The album begins with a sound you’ll likely produce on your own when you reach the end – applause. Within the first minute, we hear the only vocals of the record share its theme: “I never want to be known as anybody opposed to progress,” the voice says. McCraven never will be. The eponymous track continues with back and forth from percussively chaotic to dreamy and melodic, a motif heard throughout the entire album.

We have the pleasure of hearing what jazz is to McCraven, and we gain insight as to what the future of jazz is with new technology. In These Times is a reminder that we don’t have to reserve synthesisers for pop artists – any musician can make good use of it, and if their work is even remotely close in quality to McCraven’s, more artists should.
If you worry the album strays too far from pure jazz – don’t. Listen to tracks like “Lullaby,” a song full of beautiful instrumentational riffs, and “This Place That Place,” a fabulous example of how new and old can be married to produce something jazz fans of any age can appreciate.

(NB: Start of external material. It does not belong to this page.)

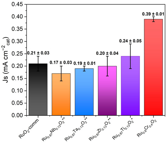 To understand the effect of Cr substitution into rutile RuO2 compared to metal substitution, we compared the specific activity of the Ru-Cr oxide aerogel (RuCr-AG-600) with the specific activities of Ti-, Zr-, Nb-, and Ta-substituted RuO2 from our prior studies [20,21]. Cr-substituted RuO2 exhibited a higher specific activity than Ti-, Zr-, Nb-, and Ta-substituted RuO2 (Figure 8). Cr was the only metal substituent from this comparison that enhanced the OER specific activity relative to RuO2-comm. Chromium is an interesting substituent, as it has a number of possible oxidation states, with Cr3+ and Cr6+ being the most pronounced [71]. From our XPS analysis described above, the substituted Cr existed in a +3 oxidation state in the synthesized Ru-Cr oxide aerogels; however, under the high applied potentials of the oxygen evolution reaction, we consider that is it possible that the Cr substituent could adopt a higher oxidation state (Cr6+) than these other metal substituents (Ti4+, Zr4+, Nb5+, and Ta5+). Previous calculations of Cr-substituted RuO2 considered the presence of Cr6+ to explain higher OER activity [27], and prior studies of chromium-doped cobalt–iron hydroxide alkaline OER catalysts reported the presence of Cr6+ after electrochemical testing [72,73]. However, the presence of Cr6+ under OER reaction conditions needs to be experimentally confirmed. The specific effects of Cr substitution within RuO2 on OER activity need to be further studied, as we also note that numerous factors including the metal substitution ratio, synthesis method, thermal treatments, surface structure, electronic conductivity, and pore structure can influence the OER activity.

In These Times is an epic soundscape few are capable of engineering. Jazz is about pushing boundaries and reminding us that music can be whatever we want it to be, which is exactly what this album does. Some tracks, like the lead and “High Fives,” contain more traditional elements of the genre, like sax and piano riffs and high hats, but each song on the record is imbued with the modernity that makes McCraven such an innovator. New and fresh, classic and ageless, In These Times is exactly what jazz music needed.